Revolving Doors, Songs For Car Commercials
You'd usually expect an instrumental-rock album to feel ostentatious and help itself to an exorbitant chunk of your time. Revolving Doors' live sets may involve a mountain of gear, but the actual music on Songs For Car Commercials values brevity as much as it does pretty layers of sound. And when Revolving Doors do try to get boisterous and epic, as on the song "Fog," it's by bringing drums, guitar, and synth into focus on a strong hook, not just by suddenly hitting a distortion pedal.
Spectrum Trio, self-titled
Recreating traditional West African chants and Afro-Cuban rhythms in a convincing way would be a tall order for any Wisconsin-bred act. The three percussion-heads in Spectrum Trio manage to keep invested in the details without losing the rhythmic impact up-front, and experiment with synths and more fully fleshed-out jazz numbers in the process.
F. Stokes And Lazerbeak, Death Of A Handsome Bride
F. Stokes is another Madison-connected artist claiming multiple hometowns (here, Chicago, Brooklyn), and, like local hip-hop band Dumate, fills a big need with a solid live presence and raps that manage to feel friendly and sympathetic even when the details get nasty.

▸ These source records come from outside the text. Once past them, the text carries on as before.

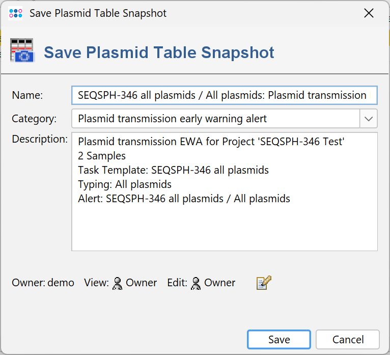 Save Plasmid Table Snapshot: Create a snapshot of the plasmid table. The snapshots can be opened using the menu command Tools > Comparison Table. Note that it is not possible to search for similar plasmids when opening the snapshots.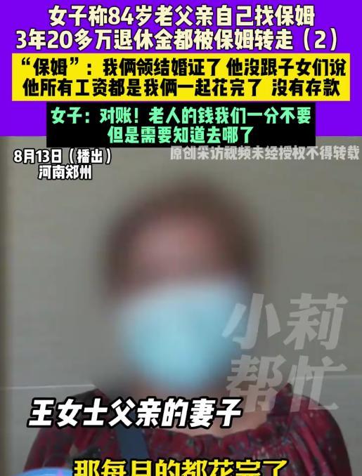 万万没想到!河南郑州,84岁老人生病住院,医院多次通知缴费,儿女们想着父亲每月有八千退休金,结果一查,余额只剩149元,怀疑是保姆偷偷挪用了,可万万没想到,保姆却拿出一张结婚证,原来两人竟然偷偷结了婚 王大爷原本和老伴育有四个子女,老伴去世后,他轮流在子女家居住。三年前,老人提出要独自生活,子女们虽然同意,但坚持要为他请保姆 没想到老人自己找了个70多岁的保姆,更让人意外的是,两人在2022年就悄悄领了结婚证,子女们对此毫不知情 这次老人住院20多天,女儿王女士去银行取钱时才发现,父亲三年来的退休金几乎所剩无几。面对质疑,保姆阿姨不慌不忙地掏出了结婚证,证明他们是合法夫妻 保姆承认,工资卡在她手里,钱每月取出来花了,但都是夫妻共同花费,并没有给别人。她列出花销——家电、暖气管道、空气净化器、保健品……单件就几千块 但王女士还是觉得不合理,毕竟这些大件也不是每个月都买,而保姆表示这些都有记账,可以慢慢查 这里面有一个关键点值得思考。老人再婚并不违法,哪怕和保姆结婚也没问题。但问题是,婚姻的隐瞒、财产的使用方式,会让子女质疑对方是否出于感情还是为了钱 我觉得,像这种情况,财务透明都很重要,结婚也好、找保姆也好,最好提前和子女沟通清楚 对于子女来说,也别等到钱花光、人生病才介入,平时多问一句,关心一下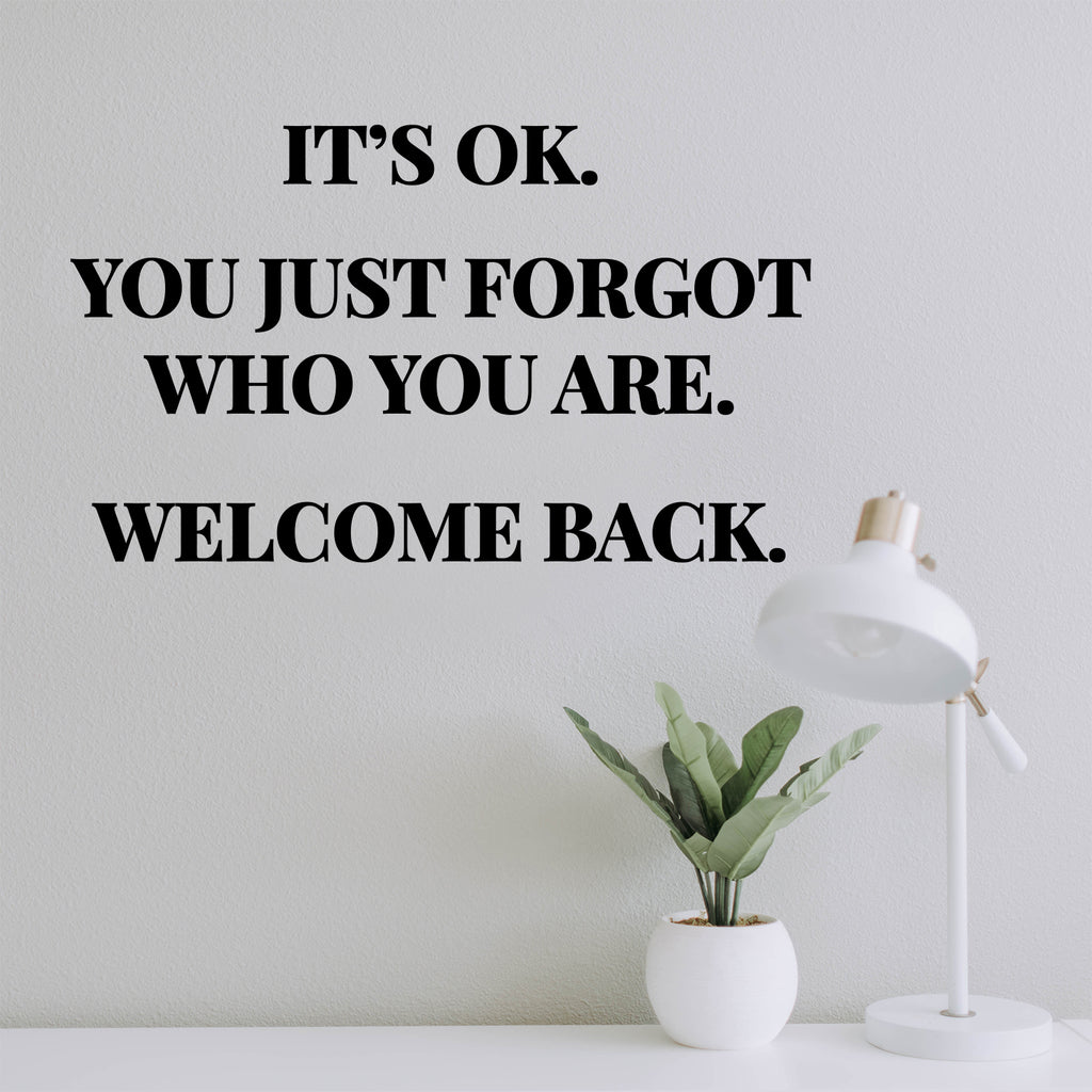 This awesome lovely decal quote "It's Ok You Just Forgot Who You Are Welcome Back"; is the perfect touch for your home. Use it for your bedroom; living room; closet or anywhere you want to bring some extra positive decoration. It's a vinyl sticker that is easy to put on any smooth and dry surface. Our modern designs don't just brighten up the room; but brighten up the day. Using top of the line vinyl across all of our production allows us to be the leaders in quality and design.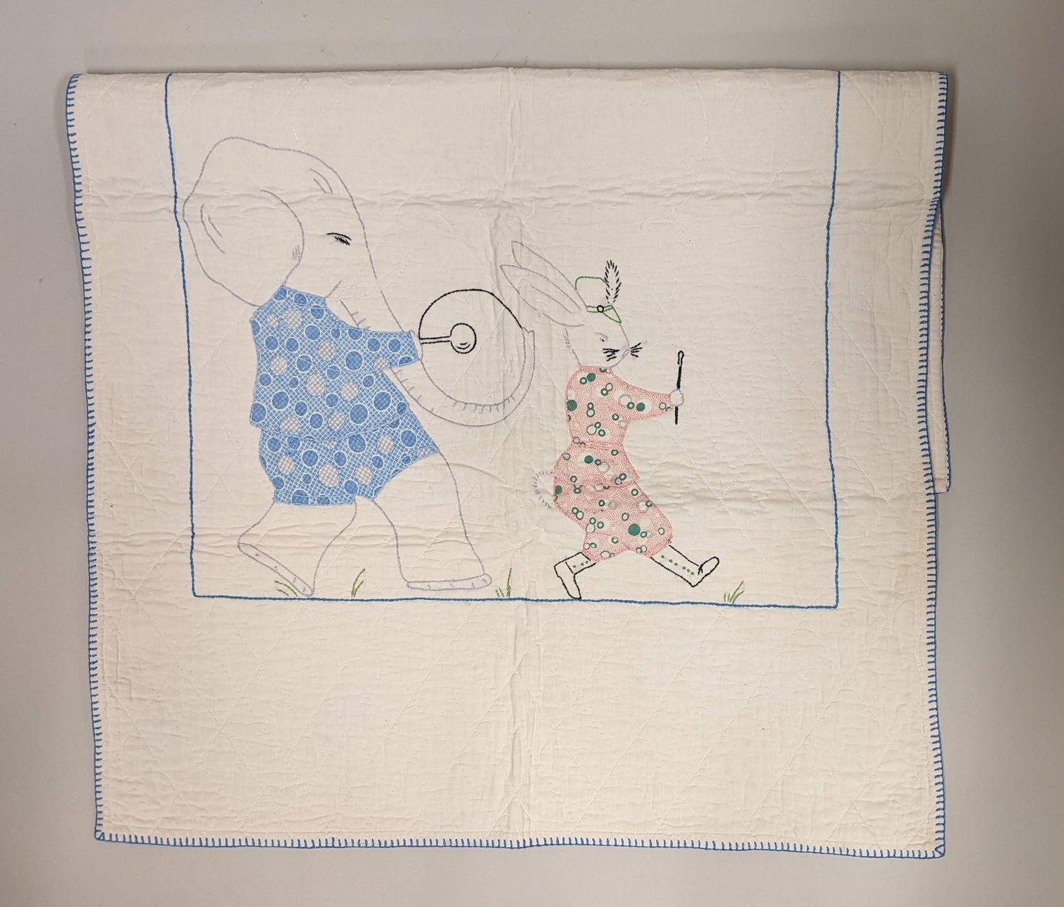 Quilted baby blanket with embroidered elephant and rabbit, stitched hem.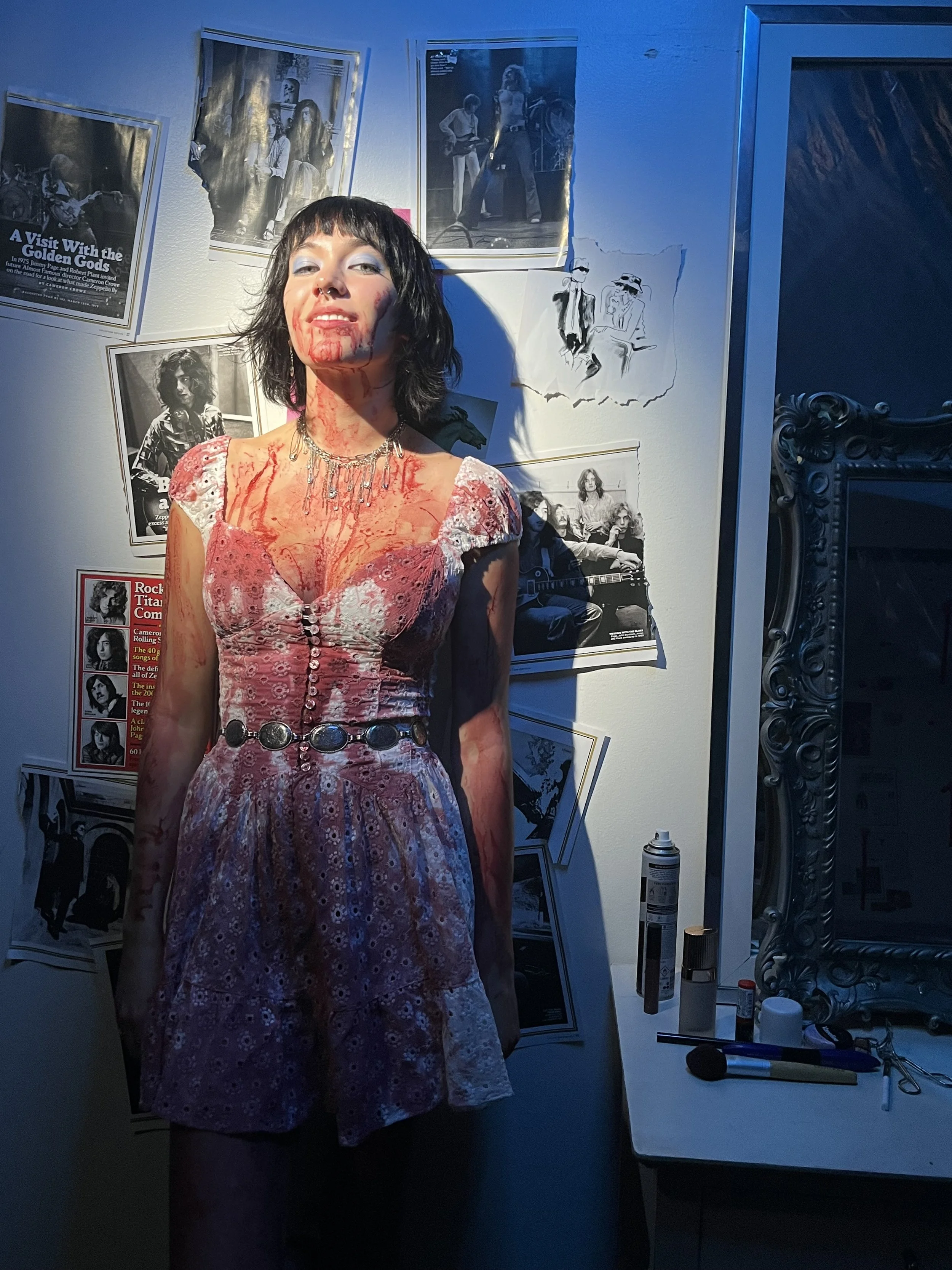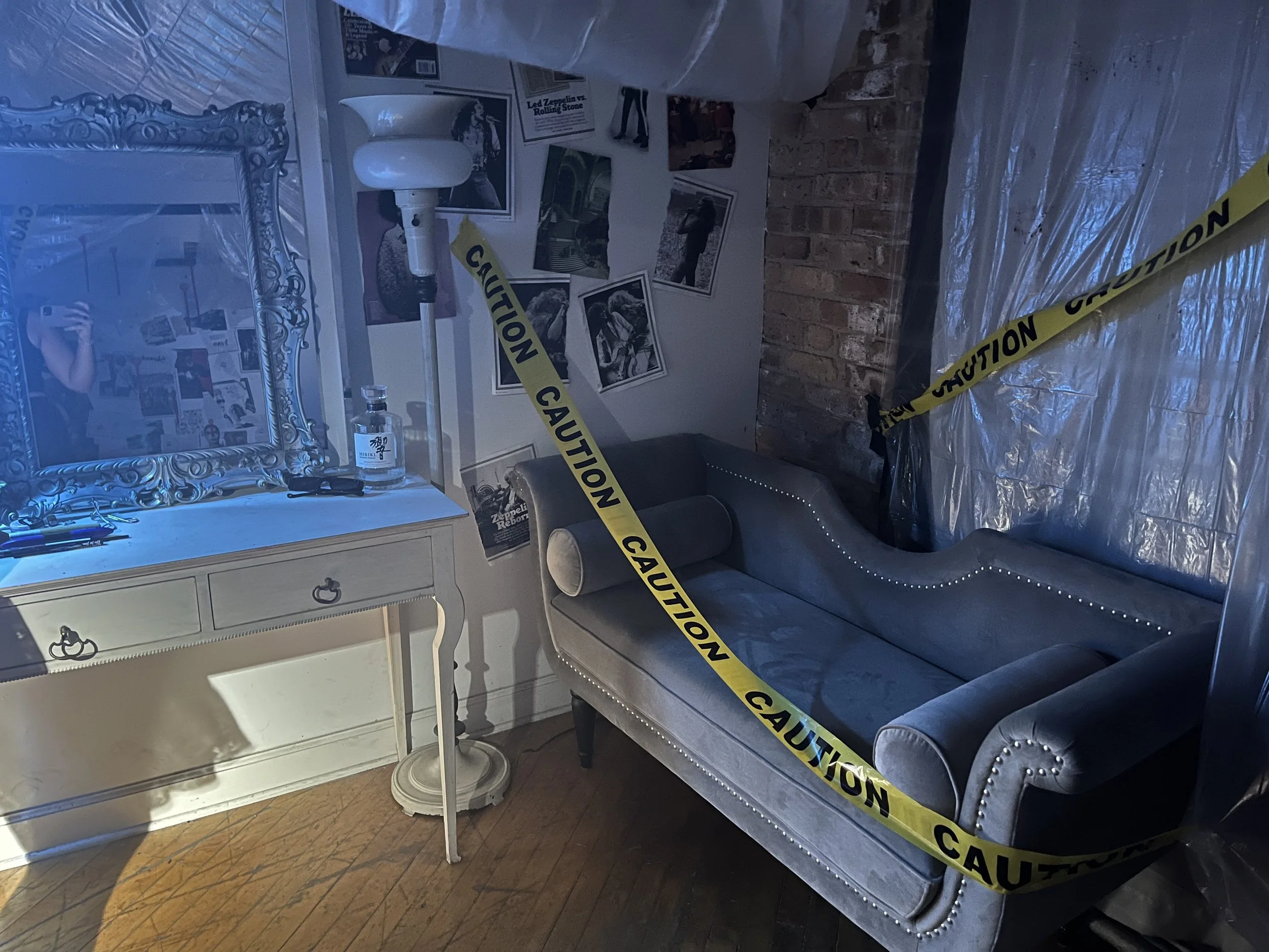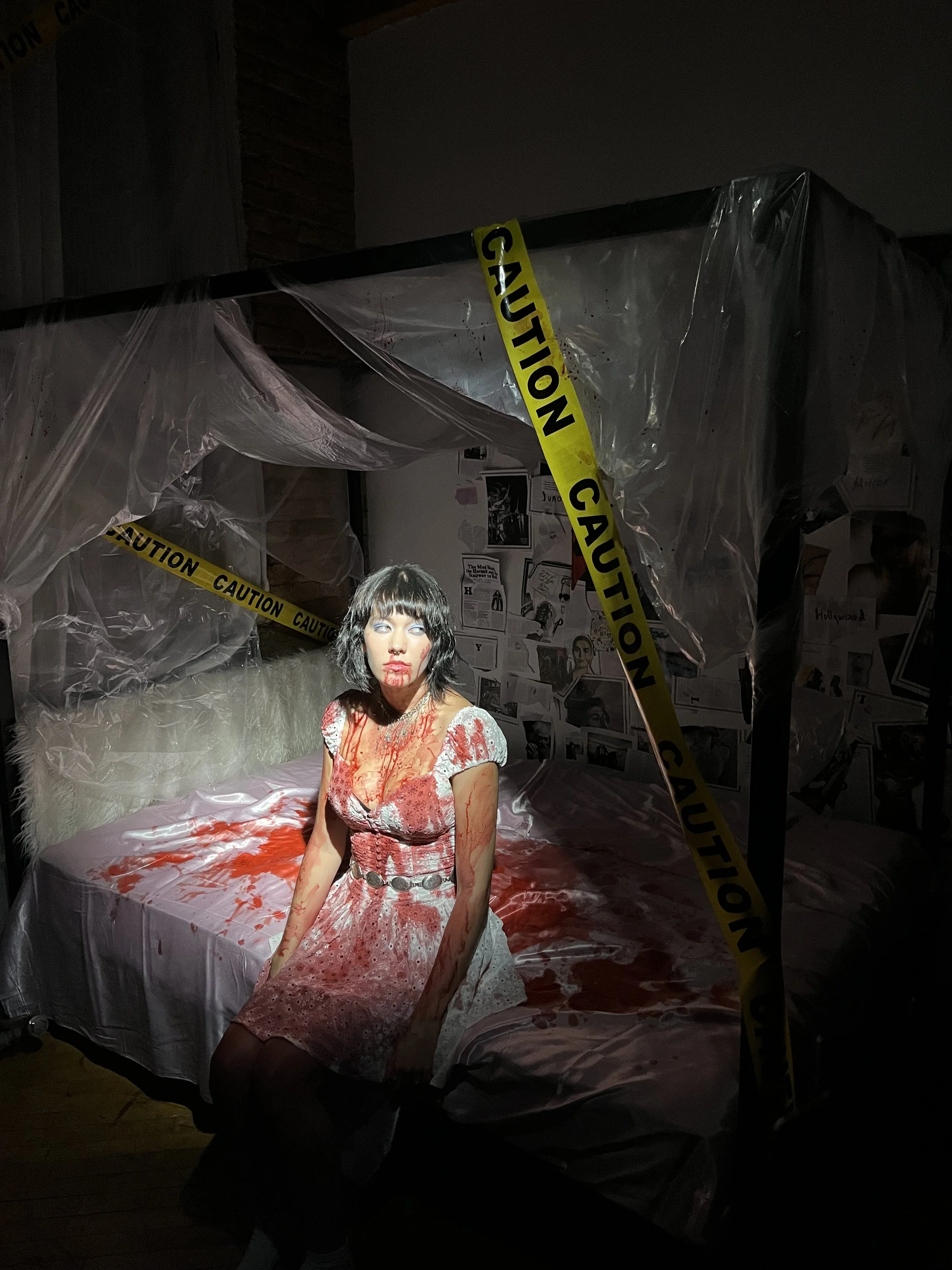 Working closely with the Production Designer, our goal was to create a crime scene where the victim was a relationship. We used collages to our advantage by pairing photos, newspapers and magazines to create a memoriam for these characters. Handling fake blood can be tricky due to its unpredictability and tendency to stain, but the creative possibilities it offers make the challenge incredibly fun and rewarding.

Vartan Mamigonian, self-titled
Sax player Patrick Breiner has added some fresh blood to Madison jazz on both the more straightforward and adventurous ends. This solo-sax album from his alter-ego strikes somewhere in-between, often rooted in melodic composition, but just as often chasing itself into dissonance and uneasy rhythms.
Wormsblood, In The Stars
Like many black metal-inspired miscreants before him, Clay Ruby (who's in our local best-of for his Burial Hex project) almost makes us believe he's more interested in spite, foreboding, and the occult than in crafting a beautiful record. Under In The Stars' cracking sonic skin—and alongside Ruby's truly enviable catacomb-file of wretched vocals—is a set of songs that master the crude metal basics and explore the gloom beyond.